Week 3 Lecture 11 Subset Selection 2

Machine Learning- Balaraman Ravindran

4 Aug 202123:43

Summary

TLDRThe script discusses 'forward stage wise selection', a method for feature selection in regression models where variables are added one at a time to predict the residual error from the previous stage. It highlights the method's efficiency and the advantage of faster convergence compared to forward stepwise selection. The script then transitions to 'shrinkage methods', emphasizing their mathematical soundness and the introduction of ridge regression, which includes a penalty on coefficient size to reduce model variance. The explanation includes the rationale behind not penalizing the intercept and the process of centering inputs to eliminate the need for β0 in the optimization.
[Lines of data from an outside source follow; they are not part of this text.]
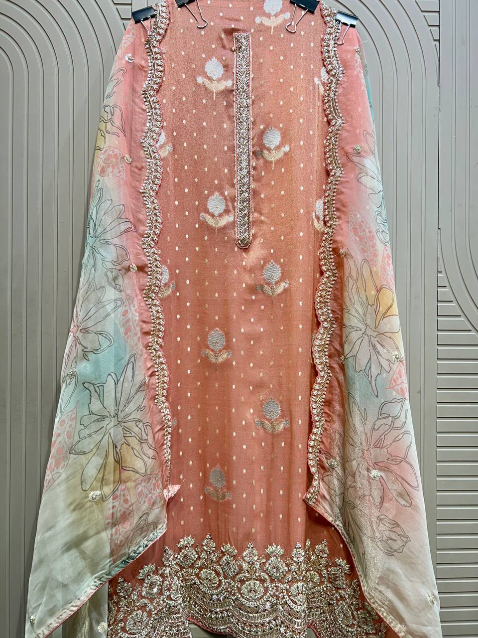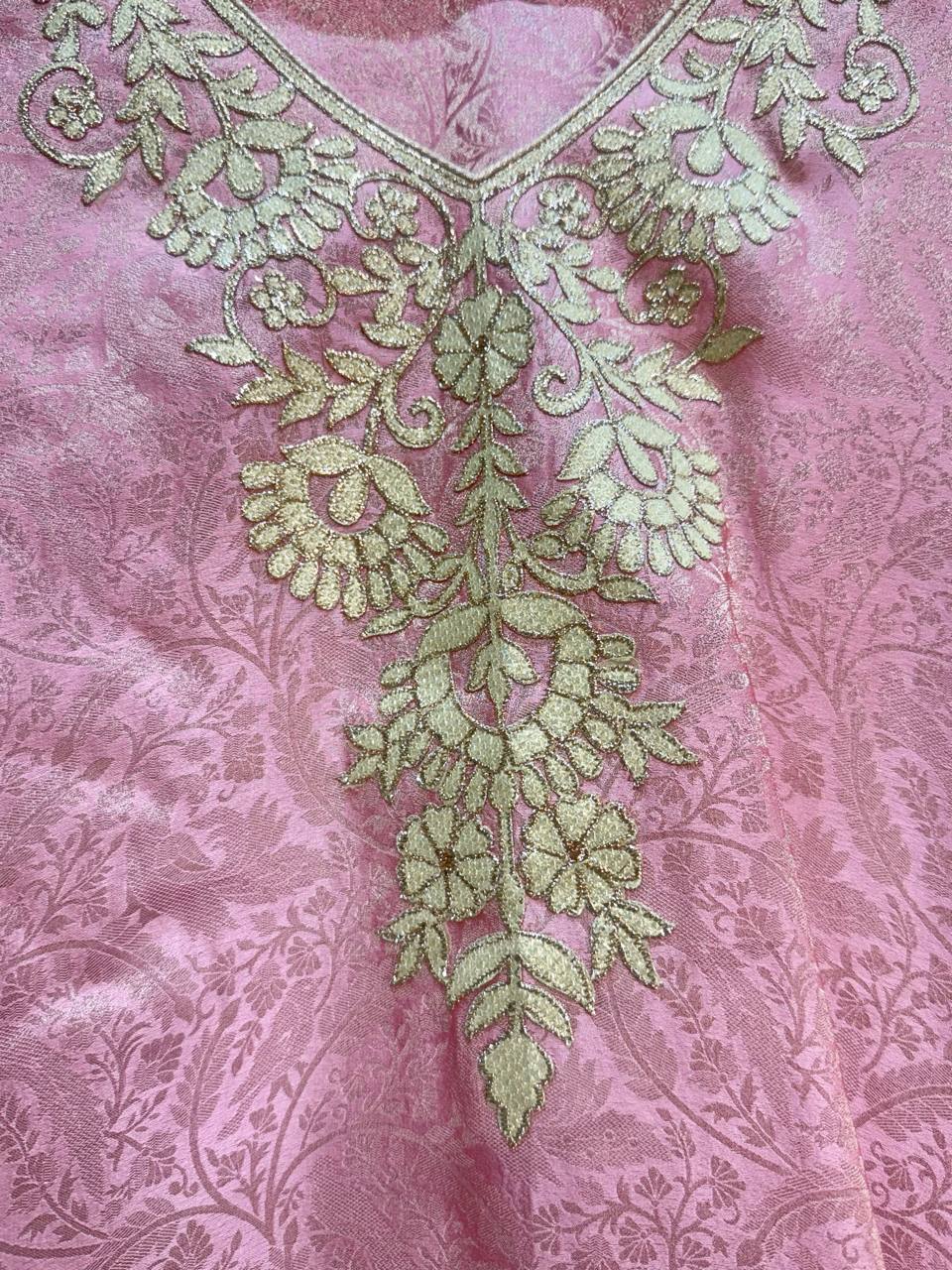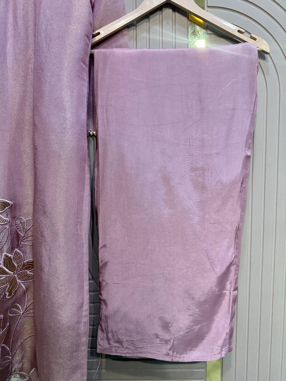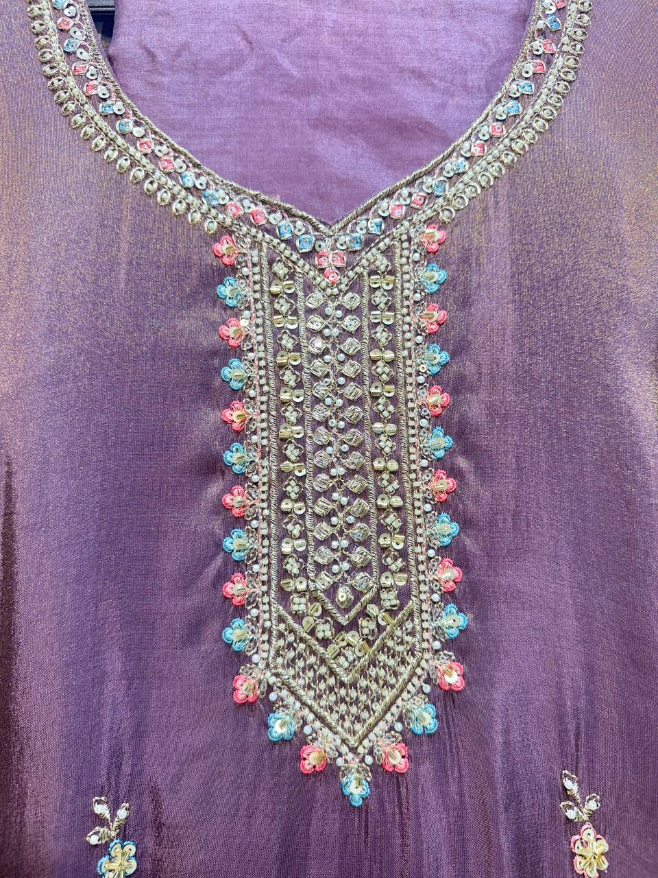 Glass Tissue Fabric Unstitched Suit ek soft, graceful aur luxurious ethnic creation hai, jo delicate glass tissue fabric par beautifully crafted applique work shirt aur dupatta ke saath design kiya gaya hai ✨👗
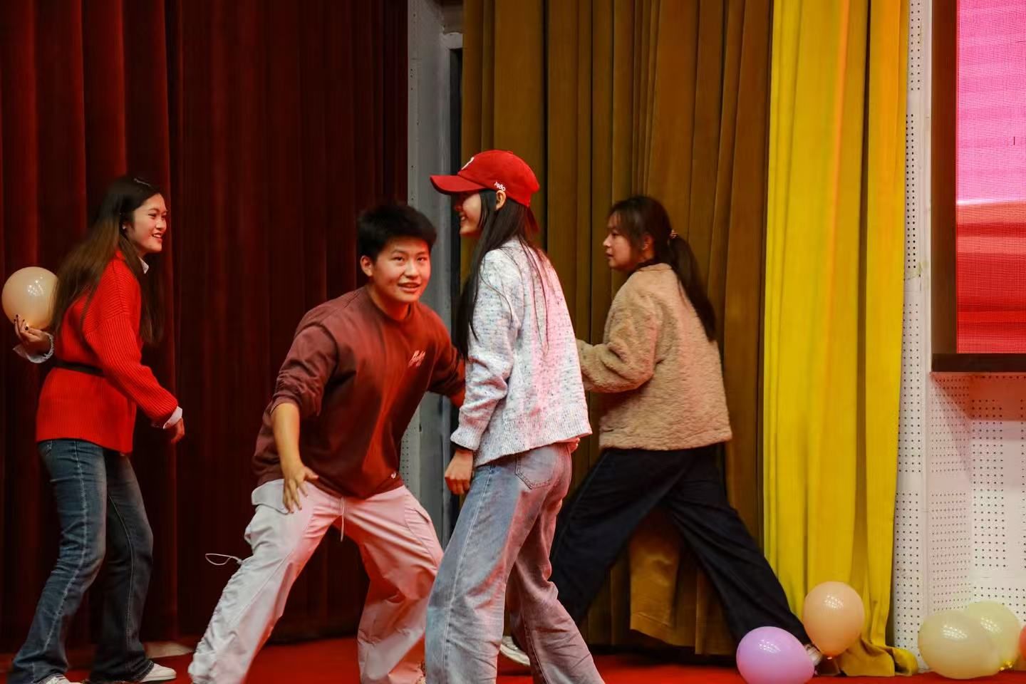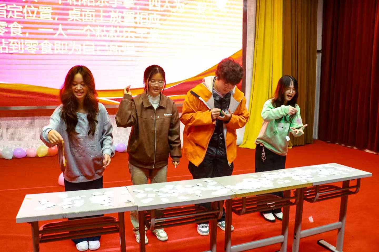 互动环节中,“手掌粘粘乐”“动作猜词语”“蒙眼尖叫鸡”等趣味游戏轮番上阵,不仅增进了部门间的协作与交流,更引来阵阵欢声笑语,现场气氛持续升温。在“趣味踩气球”团队竞技中,各部门依据前期游戏积分兑换道具展开激烈角逐,最终采编部凭借出色发挥赢得胜利。
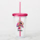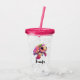 Acrylic tumbler with a cute illustration of a sea turtle. Pink body and shell with a floral topping. Looks happy and adorable.
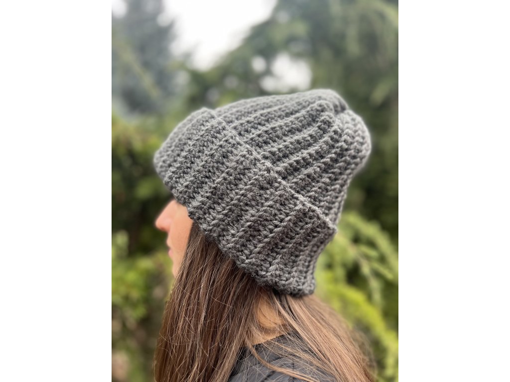 Háčkovaná čepice - Šedá

The summary concludes with the benefits of ridge regression in ensuring numerical stability and solvability.

Takeaways

🔍 The script discusses a method called 'forward stage wise selection' for variable selection in regression models, where at each stage a variable most correlated with the residual is added to the predictor.
📉 The process involves starting with a single variable most correlated with the output, regressing the output on that variable, and then iteratively adding new variables that are most correlated with the current residual.
🔧 The advantage of forward stage wise selection is that it potentially converges faster than forward stepwise selection and requires only univariate regressions at each stage, making it computationally efficient.
🔄 However, the coefficients obtained in stage wise selection may not be the same as those from a single multivariate regression with all variables, which could lead to a different fit.
🏰 The script then introduces 'shrinkage methods' as an alternative to subset selection, which aims to shrink some parameters towards zero rather than setting them to zero.
🔬 Shrinkage methods are based on an optimization formulation that allows for reducing the coefficients of unnecessary variables, ideally to zero, to improve prediction accuracy and interpretability.
📊 The concept of ridge regression is explained, which involves adding a penalty on the size of the coefficients to the usual objective function of minimizing the sum of squared errors.
🎯 The purpose of the penalty in ridge regression is to reduce the variance of the model by constraining the size of the coefficients, preventing them from becoming very large and causing overfitting.
📐 The script explains that the ridge regression modifies the normal least squares problem by adding a squared norm constraint, which is equivalent to adding a 'ridge' to the data matrix.
🔑 The script points out that not penalizing the intercept (β0) is important to ensure that simple shifts in the data do not change the fit, and suggests centering the data to handle this.
🧩 The script concludes by highlighting that ridge regression not only makes the problem numerically well-behaved by ensuring the invertibility of the data matrix but also serves as a foundation for understanding a broader class of shrinkage problems.